As I mentioned in an earlier post, the Bonobos sakura festival was held here in Mito over the first weekend in April. Starting 3 years ago, the owner of Gokoku Shrine and local band The Dodoittsu began organizing this hanami event in hopes to bring more young people out for the shrine’s annual sakura festival. The event began as a one day affair featuring The Dodoittsu as headliners and various local acts performing in front of the shrine building, and it has grown steadily ever since. This year there was a total of three days of entertainment featuring music, dance, and various performance pieces. I’ll try to break it down for you day-by-day.
Friday night featured mostly dance acts from local studios with a mix of hip-hop, belly dance and many other styles. To be honest, I didn’t make it Friday so I can’t say much about it. I do know however that it marked the first appearance of a woman whom I’ll call The Diva. Apparently she’s an opera singer from Kansai, and although she wasn’t scheduled to perform, she suddenly appeared at the event and demanded that the organizers let her on stage. I didn’t see the Friday performance, but if the next two nights can stand as an example, it couldn’t have been pretty.

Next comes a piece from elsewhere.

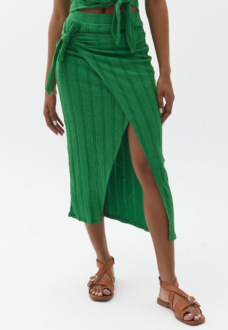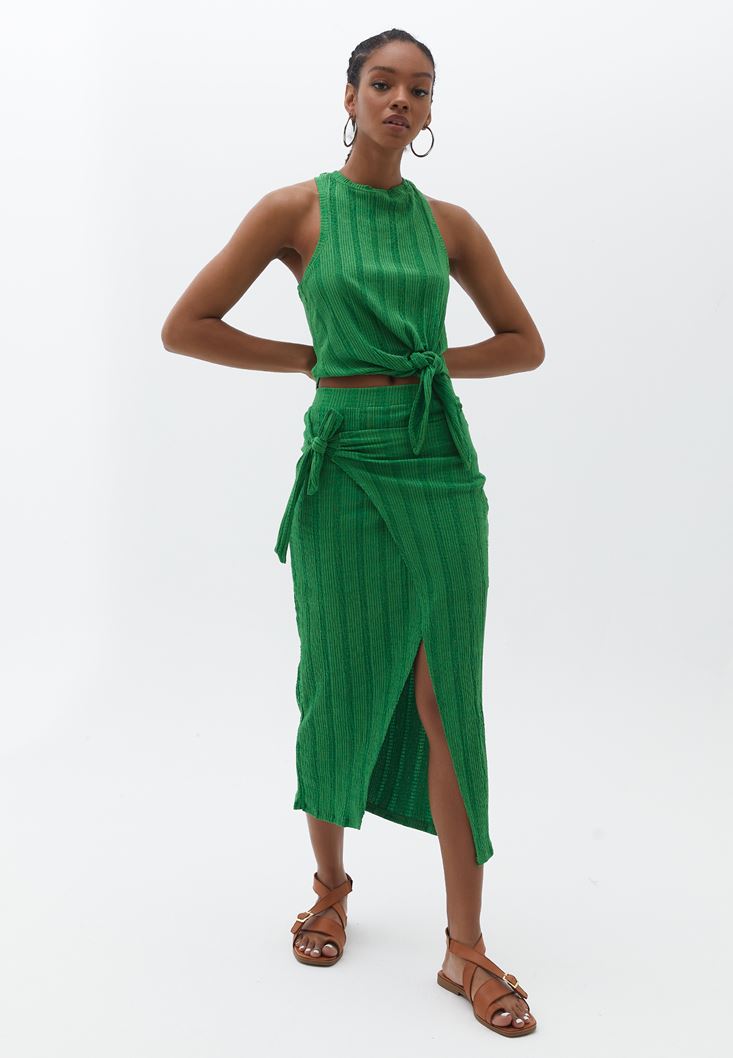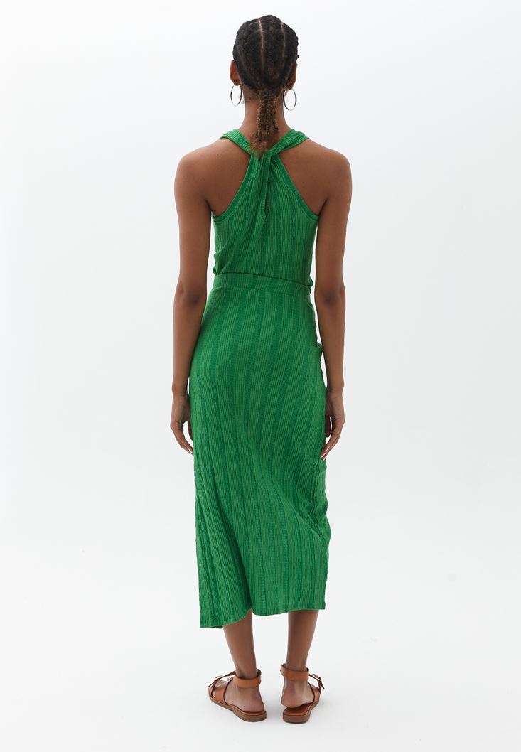 • Bayan Yeşil Kruvaze Maxi Boy Etek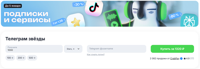 Один из самых быстрых и при этом бюджетных вариантов — взять звезды через ggsel. Это площадка, где разные продавцы выставляют валюту по своим ценам, и часто выходит заметно выгоднее, чем через другие способы. Вам не придется заморачиваться со способом оплаты в случае покупки через приложение: обычно все делается за несколько минут, а оплатить можно обычной российской банковской картой или через СБП.

Saturday opened with beautiful weather and warm temperatures. It seemed to be ‘culture day’ and featured many varied acts, focusing on dance. Early on, the crowd was wowed by Thai dance troupe, Rujira. As the sun got low in the sky, a jazz band played a short set to keep the crowd warmed up, and the rain started. This being the time of year for scattered evening showers in Japan, Bonobos is frequently plagued by rain, but the organizers were prepared this year and quickly prepared tents to cover the acts, setting the stage for the best performance of the night. Fire dancers! The group, called Mela, features fire and crystal ball dancing backed by some very spacy psychedelic music. While most of the crowd was relatively miserable standing in the rain, the dancers instantly perked everyone up with their twirling, water-defying flames. Mela finished their routine to raucous applause and then the crowd was treated to perhaps the worst following act in history. The Diva returned. The performance this time around was no worse than the last, but the audience reacted with open laughter. As bad as it was, I honestly just felt bad for her and was greatly relieved when she finally left the stage (after throwing a paper cup at us, which of course just made everyone laugh harder).
Sunday was the day for bands, and we were thankfully spared the rain this time around. After a few decent, but unremarkable opening acts, we were given the unfortunate news that The Dodoittsu wouldn’t be headlining as planned because one of the members was laid up with a fever. Instead three members of the band with a guest bassist filled an earlier slot with what seemed to be some improvisation. The result? Well… がんばった (they did their best). The Diva reared her head again, but it was thankfully an early and short set. Afterwards Mono (not the instrumental band) from Yokohama took the stage and played an excellent set of original funk tunes. I’d love to give some details about the bands that came between this and the final act, but I do believe I overindulged in the overflowing wooden cups of the local nihonshu, Ippin. I think maybe there was more fire dancing. My unprofessionalism (read: crippling alcoholism) aside, the final act, Megu(Swing), did a great job of riding atop the party atmosphere wave and closed the night out with a bang. All in all, another great time had at this unique sakura festival. I’m looking forward to next year!
The next big event coming to Ibaraki is the massive fireworks tournament being held at Hitachi Seaside Park on May 30th. Check the website here for details.
Ibaraki-ben of the day:
Now that I’ve thoroughly bored you with lengthy pronunciation descriptions, onto the vocabulary!
Today’s word is でれすけ (deresuke) which is Ibaraki-ben for だらしない (darashinai {sloppy, slovenly}).